Credit: NASA/Thomas Pesquet
HOUSTON—In an update to planned Commercial Crew Program launches to the International Space Station (ISS), NASA is designating SpaceX for the launch of two Crew Dragon missions associated with the semiannual exchange of astronauts and Russian cosmonauts living and working aboard the orbital lab during 2025, with Boeing’s Starliner absent from the schedule.
The four-person SpaceX Crew 10 and 11 missions are planned for launches no earlier than February and July of 2025.
While a crewed Boeing CST-100 Starliner mission has not been ruled out during 2025, it remains unscheduled in the wake of this year’s Starliner Crew Flight Test (CFT). Following a June 5 launch with NASA astronauts Barry “Butch” Wilmore and Sunita “Suni” Williams, the Starliner crew capsule experienced multiple propulsion system issues prior to its June 6 docking to the ISS U.S. segment.
Efforts to troubleshoot the issues with both ground- and space-based testing led to a mission extension and a decision by NASA to return Starliner to Earth uncrewed. The capsule landed at White Sands Space Harbor in New Mexico on Sept. 7.
As a consequence, Wilmore and Williams remain aboard the ISS as part of Expedition 72 and are to join NASA’s two Crew-9 Dragon members, NASA astronaut Nick Hague and Russian cosmonaut Aleksandr Grubonov, for a return to Earth currently planned for February.
“The timing and configuration of Starliner’s next flight will be determined once a better understanding of Boeing’s path to system certification is established. This determination will include considerations for incorporating Crew Flight Test lessons learned, approvals of final certification products and operational readiness,” NASA stated in the Oct. 15 Commercial Crew Program update. “Meanwhile, NASA is keeping options on the table for how best to achieve system certification, including windows of opportunity for a potential Starliner flight in 2025.”
The NASA update also listed the Crew-10 Dragon flyers: NASA astronaut Anne McClain, serving as commander, pilot Nichole Ayers and mission specialists Takuya Onishi of the Japan Aerospace Exploration Agency and Russian cosmonaut Kirill Peskov.
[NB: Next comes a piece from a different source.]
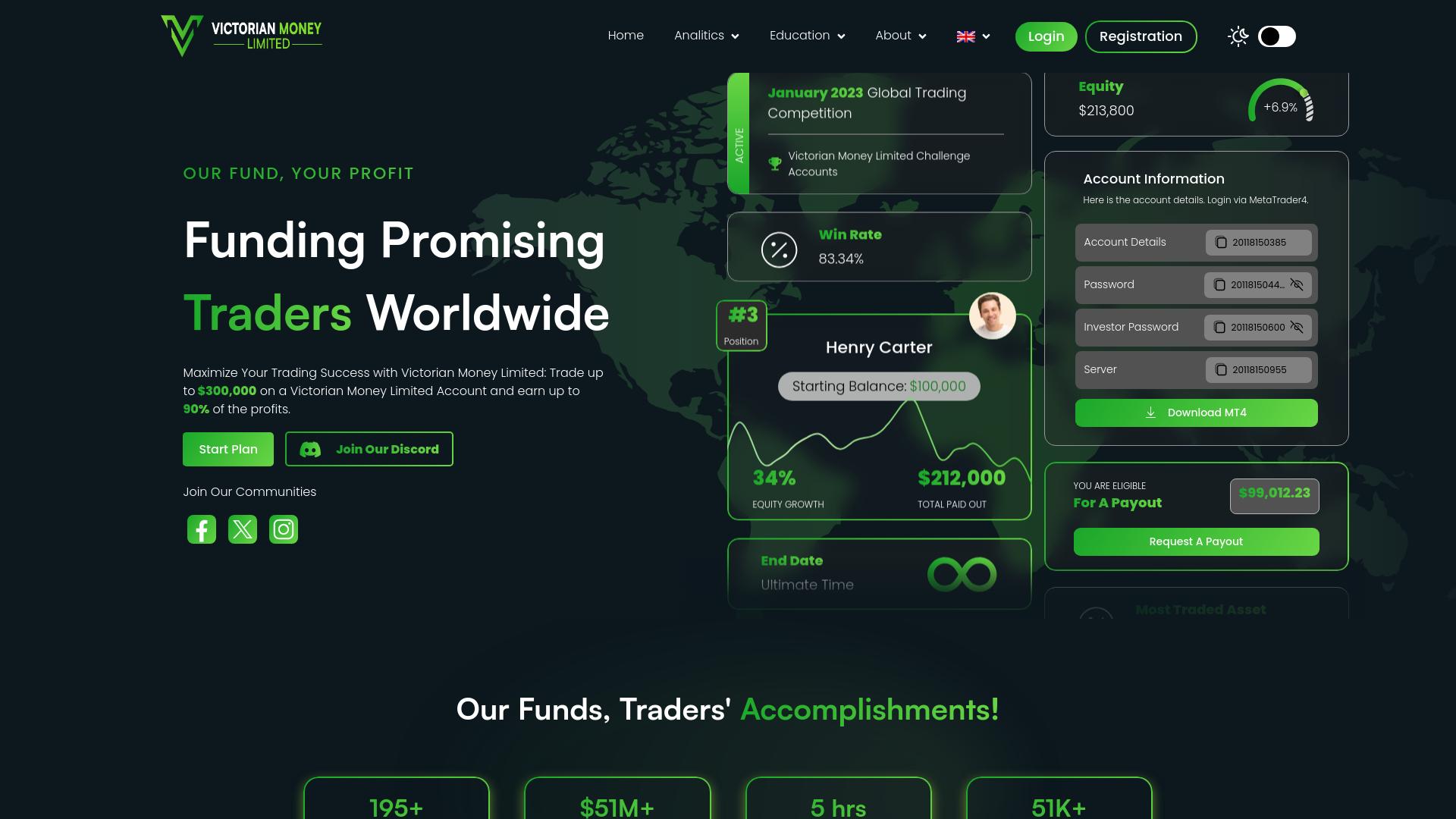 Die Webseite Victorian Money Limited präsentiert sich als Plattform, die darauf abzielt, vielversprechende Trader weltweit zu finanzieren. Auf der Startseite wird hervorgehoben, dass Nutzer die Möglichkeit haben, auf einem speziellen Konto bis zu 300.000 US-Dollar zu handeln und bis zu 90% der erzielten Gewinne zu behalten. Ein zentraler Bereich der Webseite ist die Darstellung der Leistungsdaten verschiedener Trader. Beispielsweise wird ein Trader namens Henry Carter erwähnt, dessen Ausgangsbetrag 100.000 US-Dollar betrug und der eine Eigenkapitalrendite von 34% erzielt hat, was zu einer Gesamtauszahlung von 212.000 US-Dollar führt. Diese Informationen sind Teil einer Wettbewerbsübersicht, die anzeigt, dass Henry Carter Platz 3 in einer globalen Handelsaktion innehat, bei der eine Gewinnrate von 83,34% angegeben wird. Eine solche Aufstellung soll die Erfolge der Trader und die Performance des Fonds hervorheben. Die Webseite bietet auch Links zu verschiedenen sozialen Medien und einer Discord-Community an, was darauf hindeutet, dass Nutzer möglicherweise die Möglichkeit haben, sich mit anderen Tradern auszutauschen und Gemeinschaftsressourcen zu nutzen. Es wird eine Schaltfläche angeboten, um einen Handelsplan zu starten oder die Software MetaTrader 4 herunterzuladen, die für den Handel verwendet werden kann. Zusätzlich werden einige statistische Daten zur allgemeinen Performance des Fonds präsentiert, einschließlich einer Gesamtsumme von mehr als 51 Millionen US-Dollar, die den Tradern ausgezahlt wurden, und einer Gesamtzahl von über 195 aktiven Tradern, die an der Plattform teilnehmen. Die Webseite erscheint funktional und verfügt über eine klare Struktur, mit verschiedenen Menüpunkten für Analytik, Bildung und Informationen über die Plattform. Es gibt keine spezifischen Angaben dazu, wie die Abwicklung von Auszahlungen erfolgt oder welche Bedingungen für die Teilnahme an den Handelsaktivitäten gelten. Insgesamt bietet Victorian Money Limited eine Plattform für die Finanzierung und Unterstützung von Tradern und stellt fehlende Details oder spezifische Anforderungen nicht allzu klar heraus, wodurch die Nutzer ermutigt werden, die Dienste in Anspruch zu nehmen und sich aktiv einzubringen.

Ayers and Peskov will be launching for the first time.
Meanwhile, NASA and SpaceX continue to evaluate weather conditions in the Gulf of Mexico and Atlantic Ocean waters off the Florida peninsula, which have led to multiple delays in the planned undocking and return to Earth of Crew-8 Dragon astronauts Matthew Dominick, Michael Barratt and Jeanette Epps, as well as cosmonaut Alexander Grebenkin.
They launched to the ISS on March 3 but their departure has been delayed by weather, including Hurricane Milton, at their seven splashdown site options.
“If weather conditions improve, NASA and SpaceX will target no earlier than 3:05 a.m. Friday, Oct. 18, for undocking from the space station,” NASA says.